Re: 400G
You're talking apples and oranges. While Ethernet may have that kind of bandwidth, it doesn't mean that a single point on the network can use that bandwidth efficiently. Ethernet is also not very efficient and there are a bunch of factors in handling Ethernet devices. It doesn't mean that Ethernet is inferior but you're comparing a network interface to a block device interface. Block device interfaces running a SCSI command set (think SAS, Fiber Channel and even InfiniBand) usually have much higher functional performance than ethernet but also have other limitations that are similar like latency. Also, NVME devices don't require bus interfaces like SAS in order to be used. NVME devices can be connected as direct PCI-E devices and perform at that bus speed. They do often get connected to array controllers so they can be grouped together for other efficiencies such as RAID sets, etc. but that's not always the case.

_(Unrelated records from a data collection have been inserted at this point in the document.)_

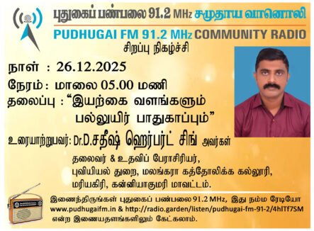 கன்னியாகுமரி மாவட்டம், மரியகிரி, மலம்கரா கத்தோலிக்க கல்லூரி, புவியியல் துறை, தலைவர் மற்றும் உதவிப் பேராசிரியர், Dr.D.சதீஷ் ஹெர்பர்ட் சிங் அவர்கள். “இயற்கை வளங்களும் பல்லுயிர் பாதுகாப்பும்” என்ற தலைப்பில் வழங்கிய உரையாடல்.
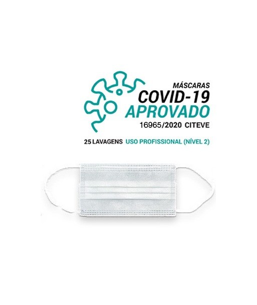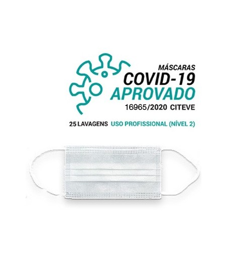 Citeve 16965/2020¶25 Lavagens ¶Nivel 2¶Máscaras destinadas a utilização por profissionais que não¶sendo da saúde estão expostos ao contacto com elevado¶número de indivíduos em espaços interiores.¶¶Camada¶Interior¶100% Microsplit (55% PET + 45% P.A. 6.6)¶Camada¶Exterior¶NW - 100% PES¶Elástico 70% PES + 30% PUE
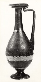 Sötétkék színű, közepes falvastagságú kancsó. Tölcséres, a szélén behajló szája alján gyűrű van, a hosszú, hengeres nyak körte alakú testté szélesedik ki, alján visszahajló talp található. Az ugyancsak kék, kerek metszetű fül a testtől a szájperem aljáig ér. A kancsó díszítése három sor világoskék, opalizáló, összefolyt üvegfoltból áll: a fölső, kis foltokból álló sor a nyak alját veszi körül, a jóval nagyobb foltokból álló középső sor az edénytest legnagyobb átmérőjén fut körbe, a harmadik, jóval kisebb foltokból álló sor az edény aljához közel fekszik. A nagyjából kerek foltok mellett a testet néhány csoportban alig észrevehető, vékonyan bekarcolt vízszintes vonalak díszítik. A középső foltsor fölött mintegy 2,5 cm-re, kissé az edény felületébe mélyítve arany betűk nyomai vehetők ki - ma már csak nagyító segítségével, a felirat szövege: ACCIPE VIVAS IN DEO. Hasonló, bár nem azonos felirat számos ókeresztény tárgyon megjelenik. |

Mainframes aren't what you think they are. Fundamentally, they use most of the same technologies in use by x86 platforms today. In fact, stop using the word "Mainframes" like it means some abstract idea that is super powerful. The current "mainframe" is the IBM Z16. The Z16 runs processors based on the Telum platform which operate at around 5Ghz. That clock speed is meaningless however because, as it relates to workloads, it's just a pile of clock cycles that the scheduler uses. In the end, it doesn't matter because your "mainframes" use the S390 instruction set that is a parallel processing platform. It's Big Endian. Porting your workloads to a proprietary IBM platform makes no sense in the modern world.
Even if it might, widely scalable networks using that amazing Ethernet bandwidth you just touted makes it obsolete and unnecessary because scale out architectures tend to offer better performance than strict scale up architectures unless you have a very special use case that needs massive performance vertically. Oh, wait, the mainframe sucks at that too.